**** Recorded data

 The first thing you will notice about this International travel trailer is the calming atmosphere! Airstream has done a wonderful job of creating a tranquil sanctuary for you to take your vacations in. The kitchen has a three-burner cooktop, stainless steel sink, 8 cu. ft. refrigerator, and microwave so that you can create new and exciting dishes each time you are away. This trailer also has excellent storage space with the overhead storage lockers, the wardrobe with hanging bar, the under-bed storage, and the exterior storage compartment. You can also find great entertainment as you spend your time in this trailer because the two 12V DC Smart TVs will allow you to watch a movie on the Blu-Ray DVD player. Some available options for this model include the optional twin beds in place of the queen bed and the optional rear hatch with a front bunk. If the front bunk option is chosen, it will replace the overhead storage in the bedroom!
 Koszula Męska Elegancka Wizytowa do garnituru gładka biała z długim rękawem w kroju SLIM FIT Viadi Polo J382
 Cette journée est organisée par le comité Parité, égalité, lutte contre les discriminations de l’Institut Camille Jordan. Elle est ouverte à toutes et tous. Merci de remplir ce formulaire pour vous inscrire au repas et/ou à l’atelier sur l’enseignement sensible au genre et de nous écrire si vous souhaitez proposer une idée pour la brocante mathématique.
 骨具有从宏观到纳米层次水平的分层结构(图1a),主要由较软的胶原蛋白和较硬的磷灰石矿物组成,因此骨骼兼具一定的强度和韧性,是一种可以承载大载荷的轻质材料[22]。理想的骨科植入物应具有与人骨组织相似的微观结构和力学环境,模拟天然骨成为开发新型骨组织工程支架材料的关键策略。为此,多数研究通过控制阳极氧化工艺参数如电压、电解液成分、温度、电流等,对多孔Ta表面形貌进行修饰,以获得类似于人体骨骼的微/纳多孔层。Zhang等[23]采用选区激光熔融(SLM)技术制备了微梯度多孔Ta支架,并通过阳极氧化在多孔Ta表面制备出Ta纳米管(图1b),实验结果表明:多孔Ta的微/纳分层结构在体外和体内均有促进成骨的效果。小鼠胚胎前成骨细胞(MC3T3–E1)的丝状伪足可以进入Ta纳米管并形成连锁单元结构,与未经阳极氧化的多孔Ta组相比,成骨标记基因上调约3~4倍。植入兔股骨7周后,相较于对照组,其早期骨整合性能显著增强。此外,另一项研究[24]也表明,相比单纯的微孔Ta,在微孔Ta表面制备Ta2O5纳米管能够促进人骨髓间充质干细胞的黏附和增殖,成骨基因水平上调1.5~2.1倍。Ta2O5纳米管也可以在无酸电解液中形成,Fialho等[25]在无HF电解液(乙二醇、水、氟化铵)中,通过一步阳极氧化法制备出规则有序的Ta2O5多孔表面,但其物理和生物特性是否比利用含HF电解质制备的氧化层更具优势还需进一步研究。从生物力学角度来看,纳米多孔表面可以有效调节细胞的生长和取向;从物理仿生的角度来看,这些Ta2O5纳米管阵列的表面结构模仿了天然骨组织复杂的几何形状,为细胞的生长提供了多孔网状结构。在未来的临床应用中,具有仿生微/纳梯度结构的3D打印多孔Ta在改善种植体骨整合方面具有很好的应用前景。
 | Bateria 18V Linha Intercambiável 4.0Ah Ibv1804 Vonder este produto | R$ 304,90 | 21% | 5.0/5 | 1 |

********
**** Recorded data

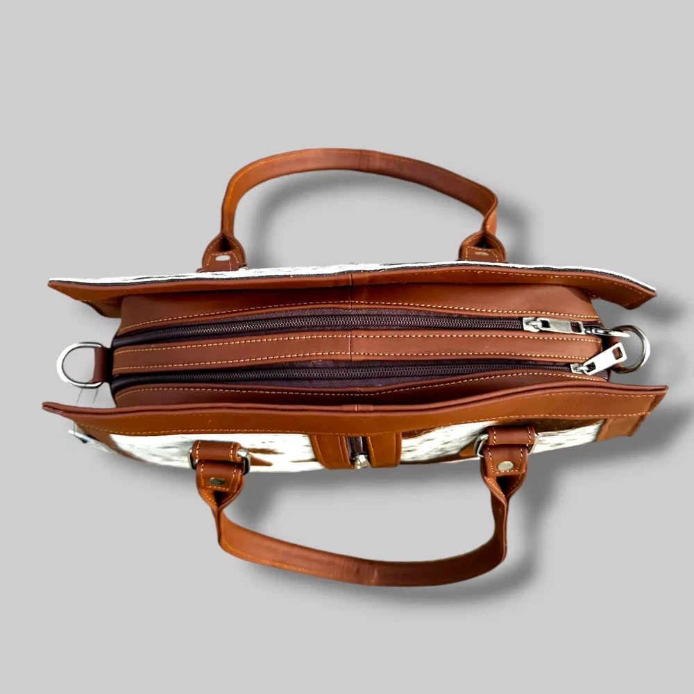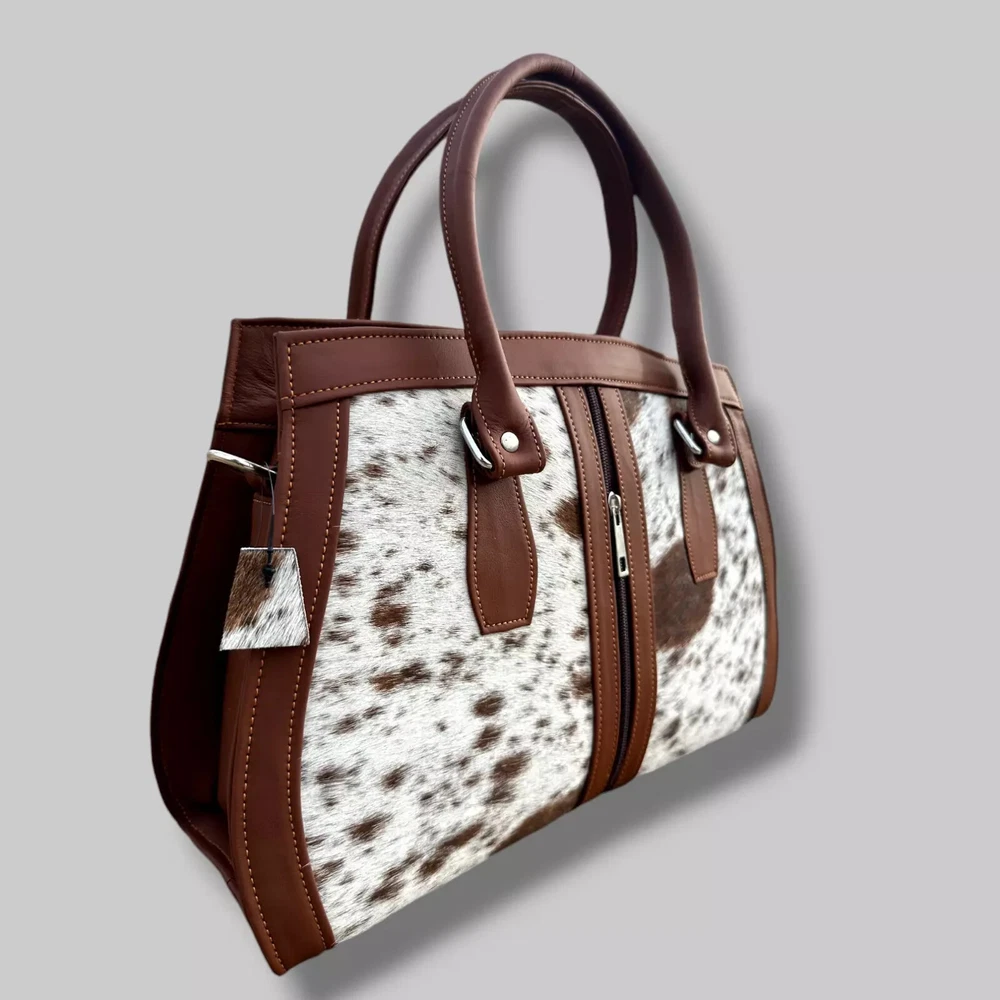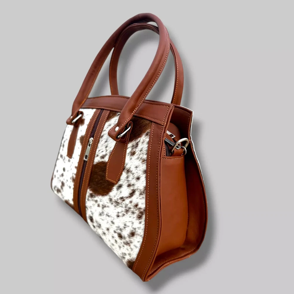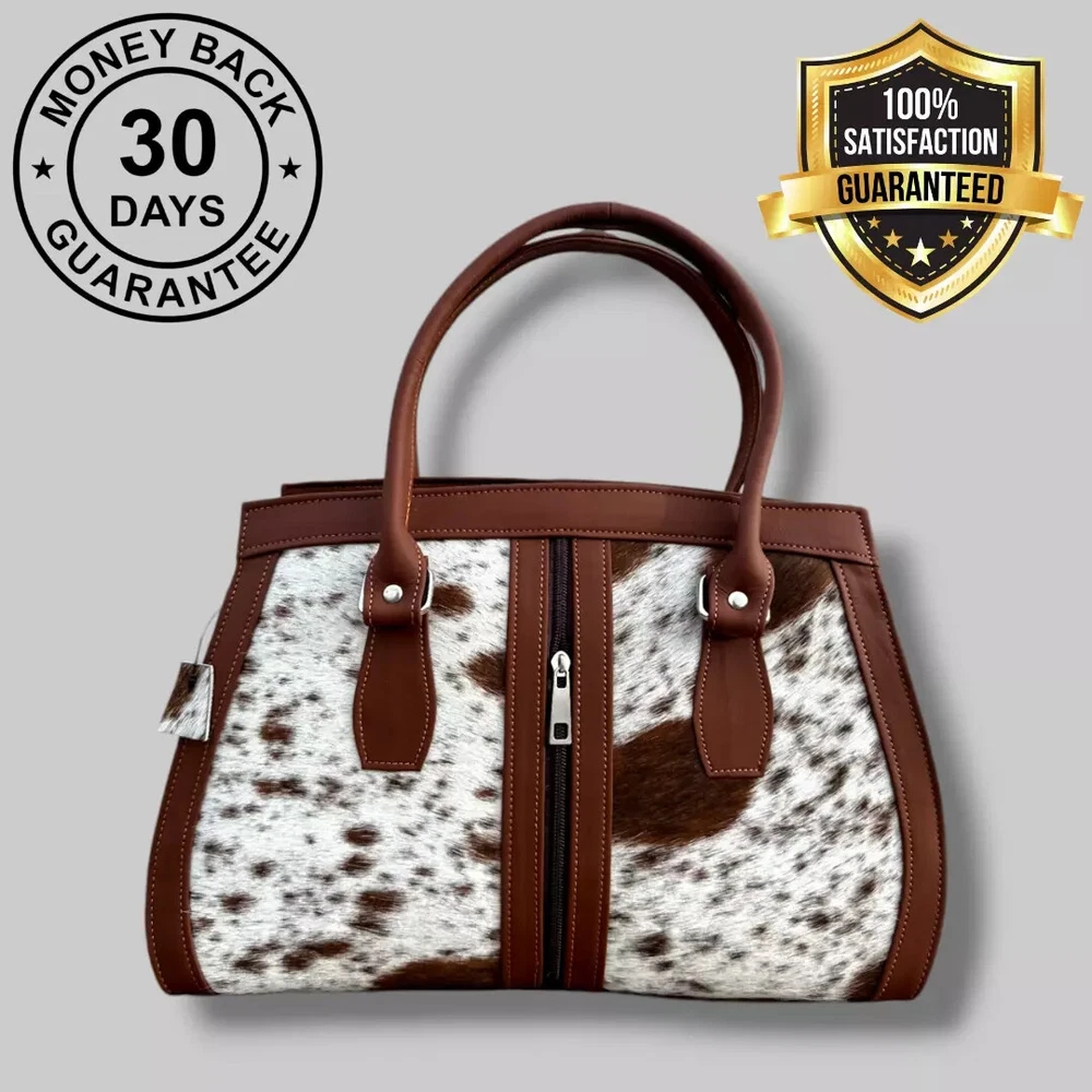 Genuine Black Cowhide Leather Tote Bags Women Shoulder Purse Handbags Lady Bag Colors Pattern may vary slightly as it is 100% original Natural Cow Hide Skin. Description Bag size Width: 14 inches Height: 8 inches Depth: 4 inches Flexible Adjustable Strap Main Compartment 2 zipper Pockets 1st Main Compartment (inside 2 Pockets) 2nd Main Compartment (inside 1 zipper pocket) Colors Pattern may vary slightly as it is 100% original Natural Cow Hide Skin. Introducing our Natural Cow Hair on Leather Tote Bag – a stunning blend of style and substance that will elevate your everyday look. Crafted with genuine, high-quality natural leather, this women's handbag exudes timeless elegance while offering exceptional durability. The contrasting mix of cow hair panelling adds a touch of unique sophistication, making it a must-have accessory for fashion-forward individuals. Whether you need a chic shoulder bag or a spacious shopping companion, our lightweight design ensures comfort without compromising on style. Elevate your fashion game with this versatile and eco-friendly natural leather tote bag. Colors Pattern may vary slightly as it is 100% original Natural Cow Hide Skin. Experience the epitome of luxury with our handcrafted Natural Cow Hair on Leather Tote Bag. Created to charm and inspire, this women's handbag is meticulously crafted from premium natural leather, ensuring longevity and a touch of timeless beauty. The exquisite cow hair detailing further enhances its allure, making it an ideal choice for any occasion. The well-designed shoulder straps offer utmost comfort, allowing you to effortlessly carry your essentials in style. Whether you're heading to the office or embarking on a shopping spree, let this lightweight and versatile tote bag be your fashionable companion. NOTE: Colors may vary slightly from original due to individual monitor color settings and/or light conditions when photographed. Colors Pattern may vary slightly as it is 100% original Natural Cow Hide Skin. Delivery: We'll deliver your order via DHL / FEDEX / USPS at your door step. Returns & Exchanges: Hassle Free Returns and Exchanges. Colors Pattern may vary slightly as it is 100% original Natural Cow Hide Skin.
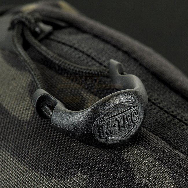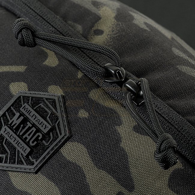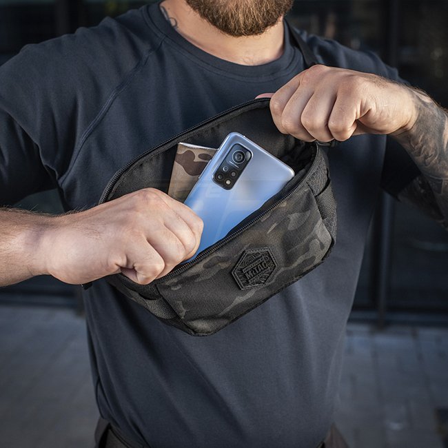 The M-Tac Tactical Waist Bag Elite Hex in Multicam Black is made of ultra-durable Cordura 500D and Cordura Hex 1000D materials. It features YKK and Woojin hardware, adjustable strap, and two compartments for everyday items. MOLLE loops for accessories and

********
**** Recorded data

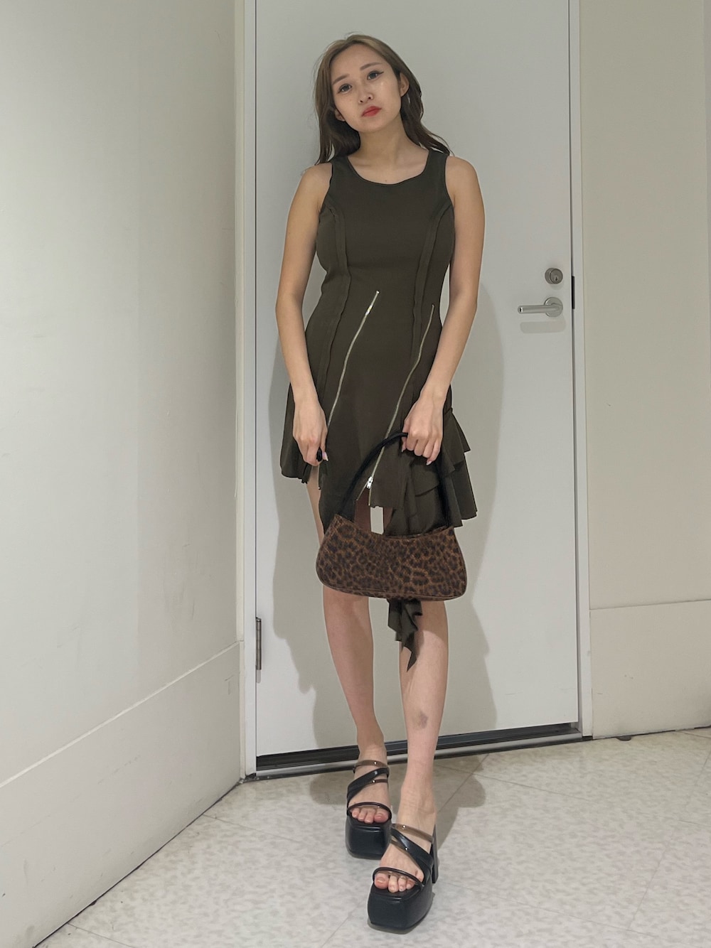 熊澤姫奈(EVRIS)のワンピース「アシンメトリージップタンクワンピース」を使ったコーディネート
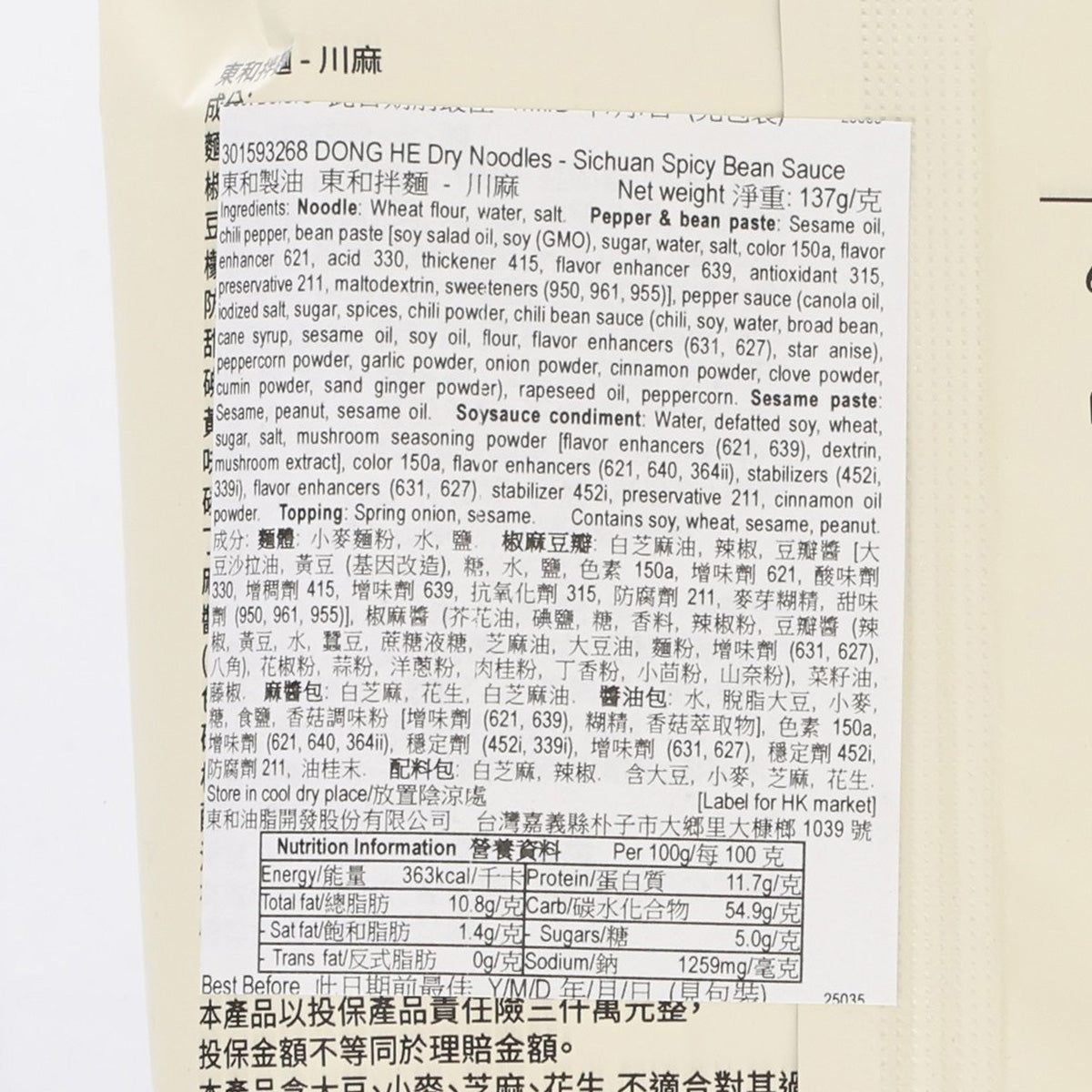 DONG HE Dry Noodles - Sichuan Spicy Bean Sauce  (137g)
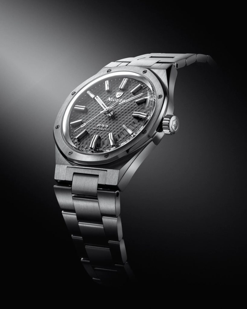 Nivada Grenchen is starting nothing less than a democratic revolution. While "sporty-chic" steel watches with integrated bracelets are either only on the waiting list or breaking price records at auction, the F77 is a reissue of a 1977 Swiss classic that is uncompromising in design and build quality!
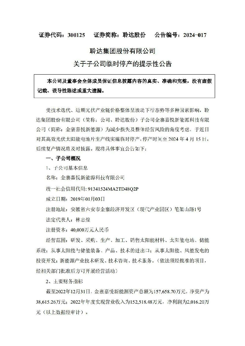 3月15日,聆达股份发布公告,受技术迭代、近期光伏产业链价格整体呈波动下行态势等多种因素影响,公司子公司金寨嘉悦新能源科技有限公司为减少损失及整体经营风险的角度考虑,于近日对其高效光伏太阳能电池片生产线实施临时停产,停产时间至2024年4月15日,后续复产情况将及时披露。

********

Skipping every picture, transcribe exactly the lines above from the one containing "Nivada Grenchen is" through the one containing "3月15日,聆达股份发布公告", both included.

[Answer section]
 Nivada Grenchen is starting nothing less than a democratic revolution. While "sporty-chic" steel watches with integrated bracelets are either only on the waiting list or breaking price records at auction, the F77 is a reissue of a 1977 Swiss classic that is uncompromising in design and build quality!
 3月15日,聆达股份发布公告,受技术迭代、近期光伏产业链价格整体呈波动下行态势等多种因素影响,公司子公司金寨嘉悦新能源科技有限公司为减少损失及整体经营风险的角度考虑,于近日对其高效光伏太阳能电池片生产线实施临时停产,停产时间至2024年4月15日,后续复产情况将及时披露。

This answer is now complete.